§ STORED DATA:
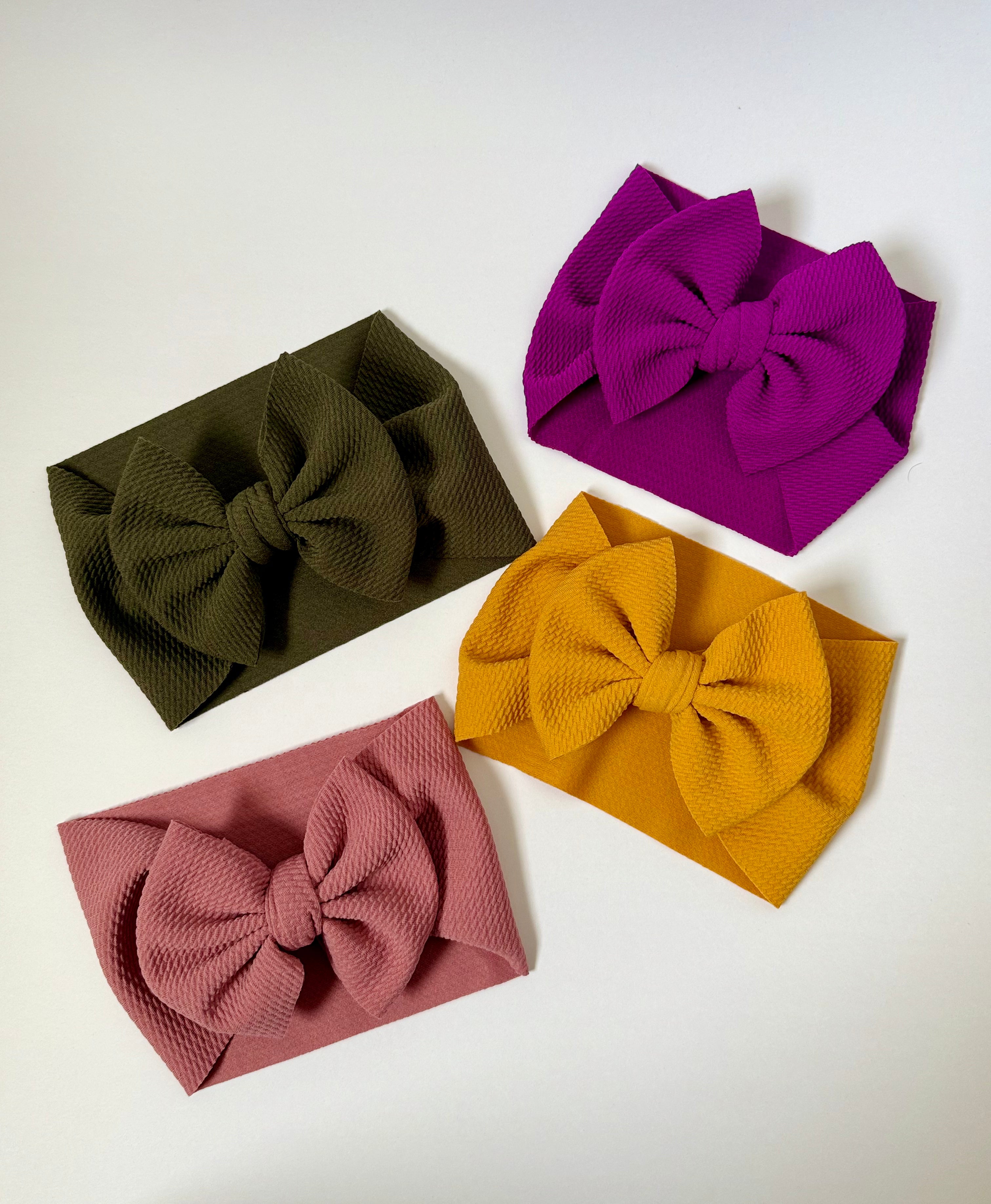 These big bows are here to make a statement. The Fall Solids Headwrap Set features four of our favorite fall shades. They're bold, pretty, and totally wearable. Soft, stretchy, and comfy for all-day wear (even for the picky ones). Note: These are made for babies ~3-9 months (head circumference approx 15").
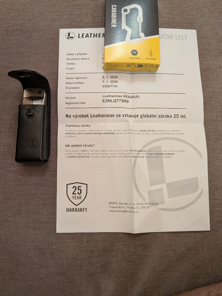 Nabízím k prodeji nový Leatherman Rebar – kompletní sada s 25letou zárukou. Nástroj je zcela nový, nepoužitý a připravený k okamžitému nanasazení. Nový kus v originálním balení. Již provedená registrace na záruku 25 let (absolutní jistota servisu). Originální kožené pouzdro Leatherman (vysoká odolnost a elegantní vzhled). Bonus: Originální karabina Leatherman součástí balení. Stručná specifikace: 17 funkčních nástrojů (vyměnitelné břity kleští, pilka, pilník, nože z oceli 420HC). Všechny nástroje jsou opatřeny bezpečnostní pojistkou. Cena 2200,- Kč, včetně Zásilkovny.
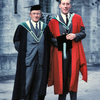 On the right, Tom O'Connor (1931-2012), who had been appointed a lecturer in Physics in 1956, is seen here on the day of his PhD conferring. Featured in several photographs in this Collection (q.v.), he was a leading figure in his field and is particularly noted for the creation of the Mace Head Atmospheric Research Station.
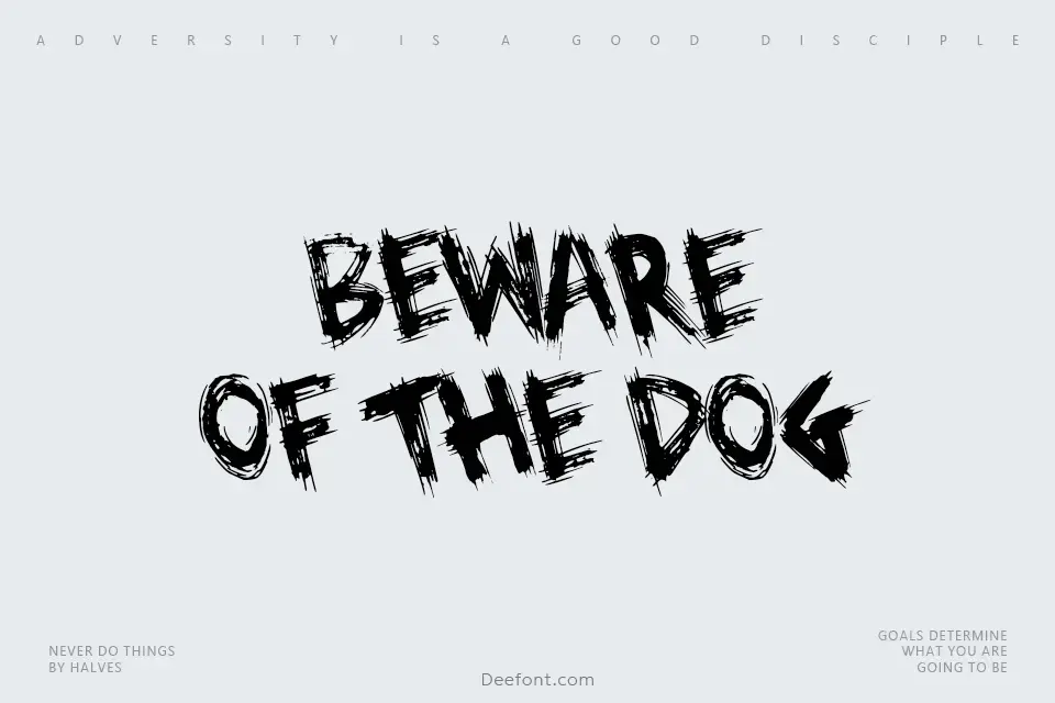 Beware of the Dog is a distressed horror display font featuring sharp, jagged edges and irregular letter forms that evoke a menacing, aggressive aesthetic. The typeface excels at creating an unsettling visual impact with its rough, hand-drawn characteristics and bold strokes. Ideal for Halloween posters, horror movie titles, scary flyers, festival artwork, tattoo designs, and any project requiring a menacing, eye-catching presence. The font’s erratic letterforms and textured appearance make it particularly effective for dramatic headlines and display applications that demand immediate attention and convey a sense of danger or dread.

§ ACTIVITY:
Only the lines from the beginning of the listing up to and including the line with "On the right, Tom" should appear in the reply, copied word for word and free of pictures.

§ RESULT OF THIS TASK:
 These big bows are here to make a statement. The Fall Solids Headwrap Set features four of our favorite fall shades. They're bold, pretty, and totally wearable. Soft, stretchy, and comfy for all-day wear (even for the picky ones). Note: These are made for babies ~3-9 months (head circumference approx 15").
 Nabízím k prodeji nový Leatherman Rebar – kompletní sada s 25letou zárukou. Nástroj je zcela nový, nepoužitý a připravený k okamžitému nanasazení. Nový kus v originálním balení. Již provedená registrace na záruku 25 let (absolutní jistota servisu). Originální kožené pouzdro Leatherman (vysoká odolnost a elegantní vzhled). Bonus: Originální karabina Leatherman součástí balení. Stručná specifikace: 17 funkčních nástrojů (vyměnitelné břity kleští, pilka, pilník, nože z oceli 420HC). Všechny nástroje jsou opatřeny bezpečnostní pojistkou. Cena 2200,- Kč, včetně Zásilkovny.
 On the right, Tom O'Connor (1931-2012), who had been appointed a lecturer in Physics in 1956, is seen here on the day of his PhD conferring. Featured in several photographs in this Collection (q.v.), he was a leading figure in his field and is particularly noted for the creation of the Mace Head Atmospheric Research Station.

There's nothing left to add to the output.